I guess I ought make a passing attempt at explaining what it is about The Lovely Bones I didn’t dig. Though that seems like pointing out to someone that the grass is green, or that deontological conceptions of ethics are laughable. Let’s have a go nonetheless. The Lovely Bones is about a gut bustingly earnest 14 year old that succumbs to the sweet whispers of her middle aged male neighbour to join him in a big hole in the middle of a corn field, gets moidered nice and proper, then spends the following 36 months in a computer generated purgatory populated solely by other victims of said neighbour, torturing her family from beyond the grave.

It’s set in the seventies for no reason I can discern, except that it gives Peter Jackson the chance to mis-cast Mark Wahlberg as the gut bustingly earnest 14 year old’s daddio, then shame him with long greasy hair across his forehead.
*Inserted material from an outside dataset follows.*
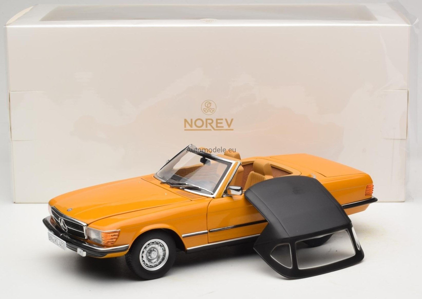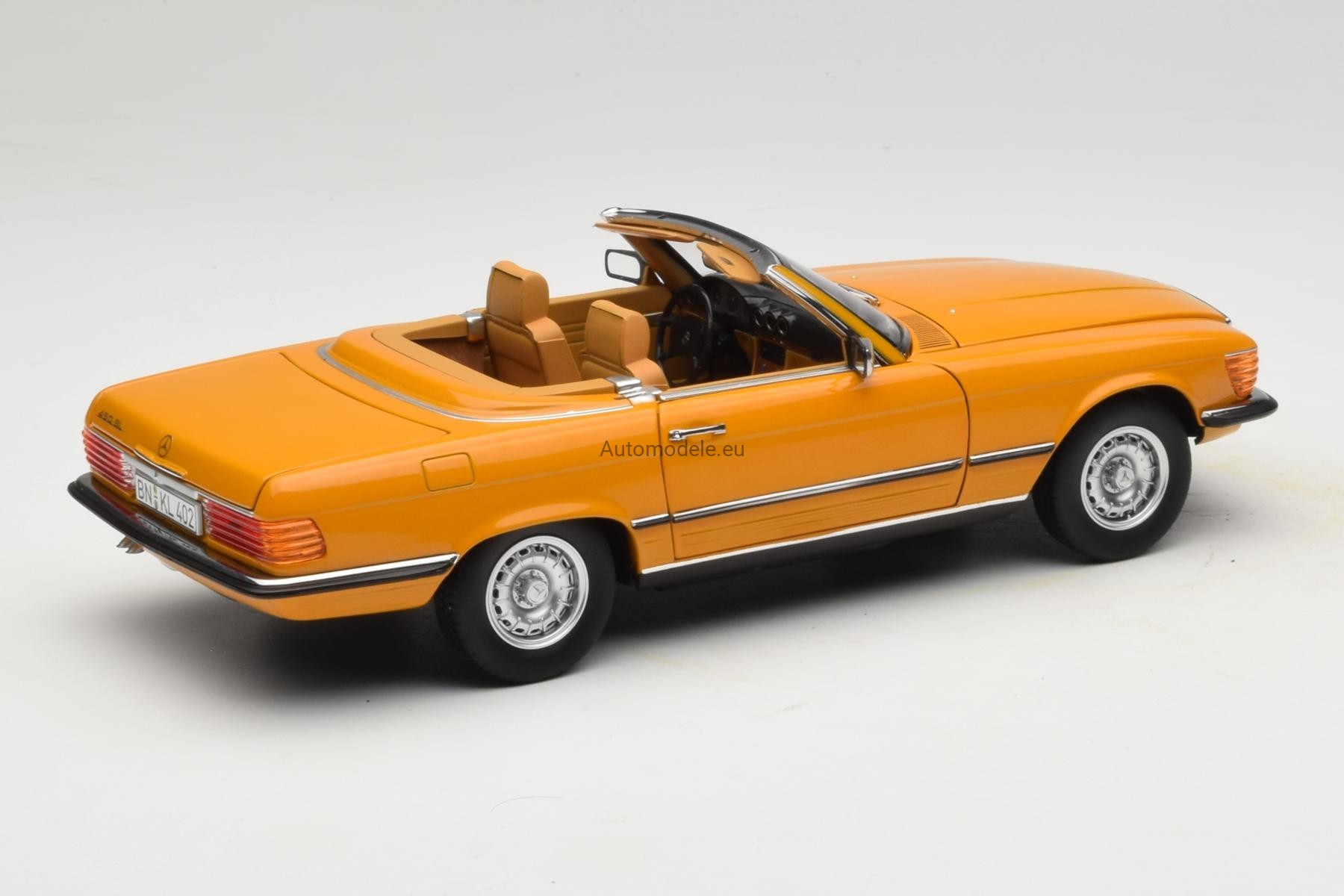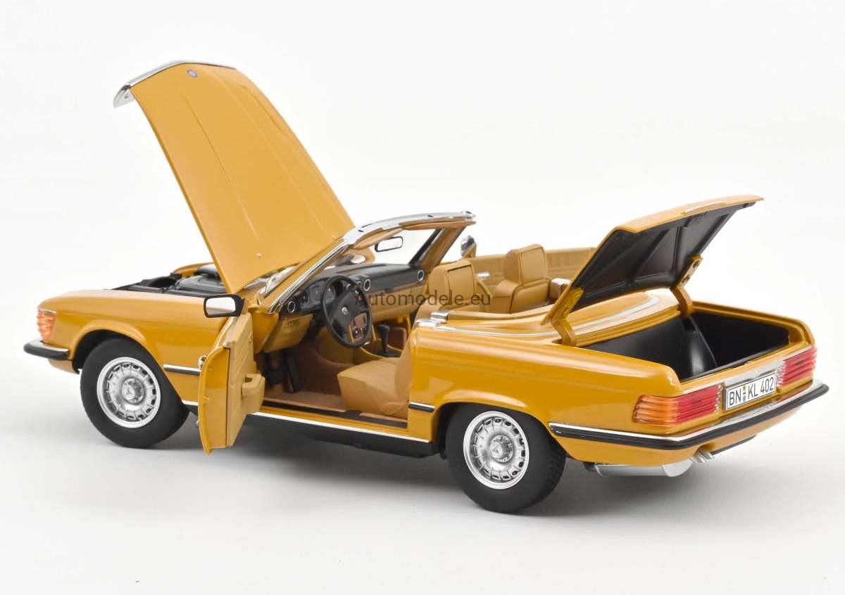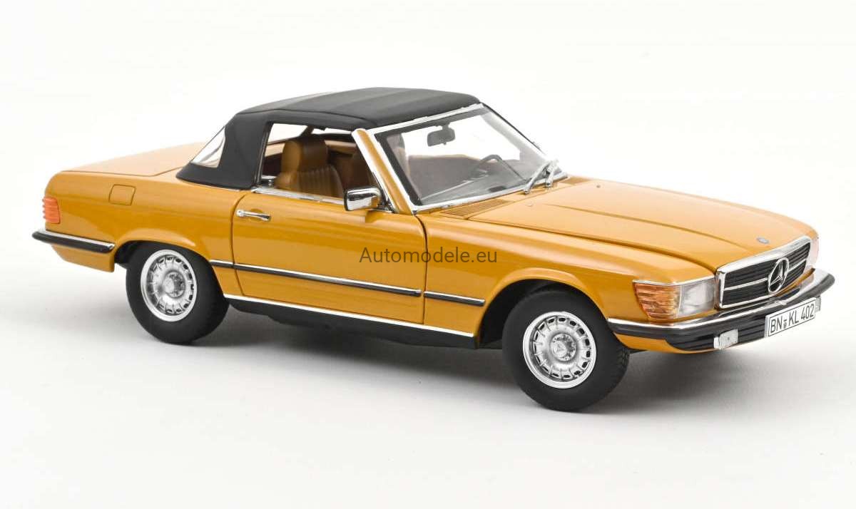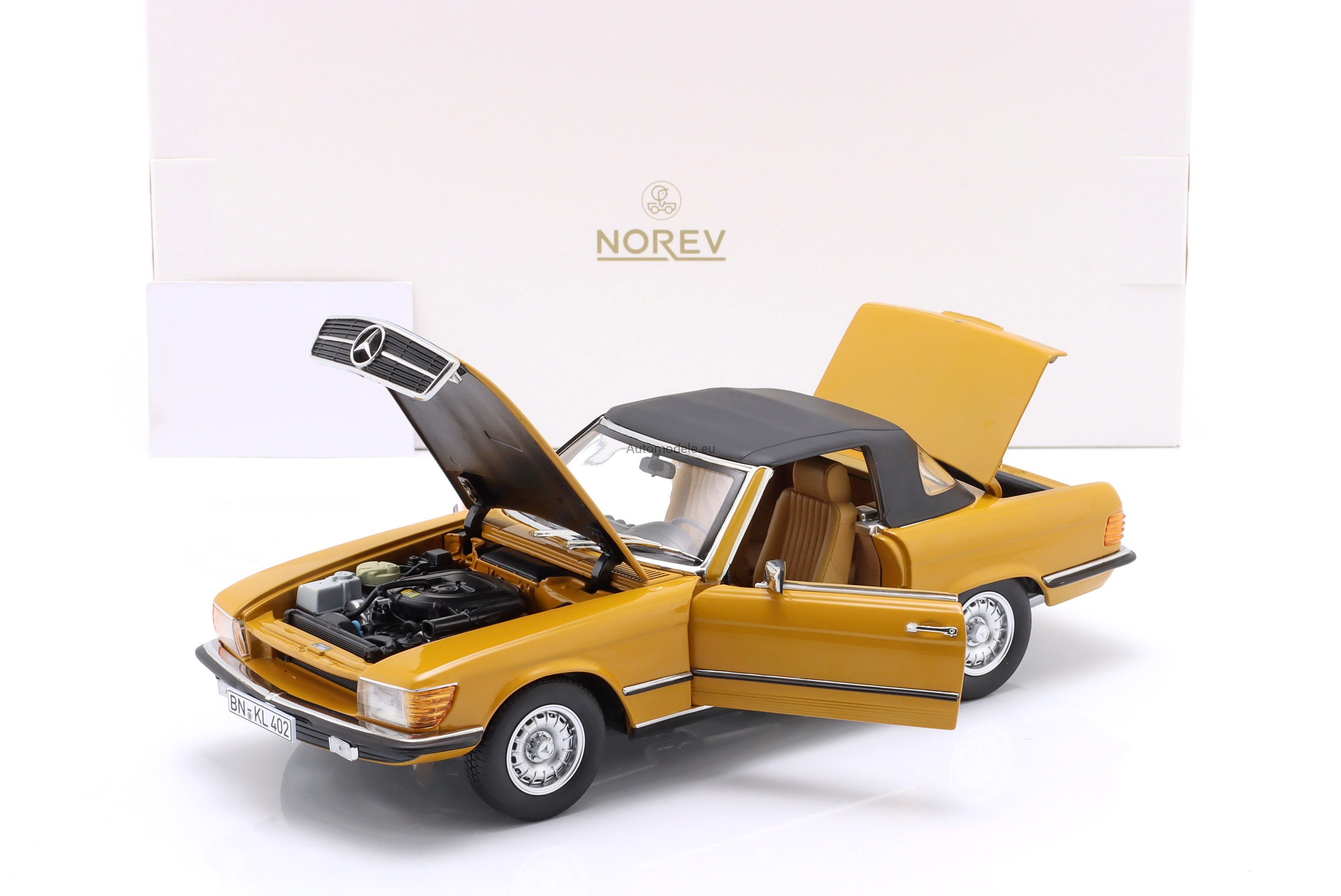 Kolekcjonerski metalowy model samochodu Mercedes-Benz Mercedes MB 450 SL 450SL SL450 (R107) R107 SL-Class Cabriolet Spider Convertible Roadster z 1975 roku w skali 1/18 wyprodukowany przez firmę Norev

Oh, and did I mention, it doesn’t make a lick spittle bit of sense. Not one. Not even a hint of a shadow of a whisper of a rumour of an idea of a premonition of a lick of sense. Nothing. For instance, for some reason there’s a black dude from England with a weird obsession with Othello, who insists on calling himself the moor, Sweet Jesus no. Plus a goth girl that wouldn’tyouknowit sees dead people.

Worst of all the film isn’t about anything. It features a collection of mis-cast actors placed in stereotypical roles, then doesn’t do anything with them for 120 minutes, except perhaps hint at the spiritual presence of those who’ve passed on. It’s a trite sentiment, packaged with a $65m budget and a theme’s park worth of special effects, and produced by Stephen Spielberg. It’s so bad, I kinda think that in future, directors ought be made to view The Lovely Bones before making their own films, but in addition such screenings should be preceded and followed with the words: Never Forget. In short, I cannot dig it.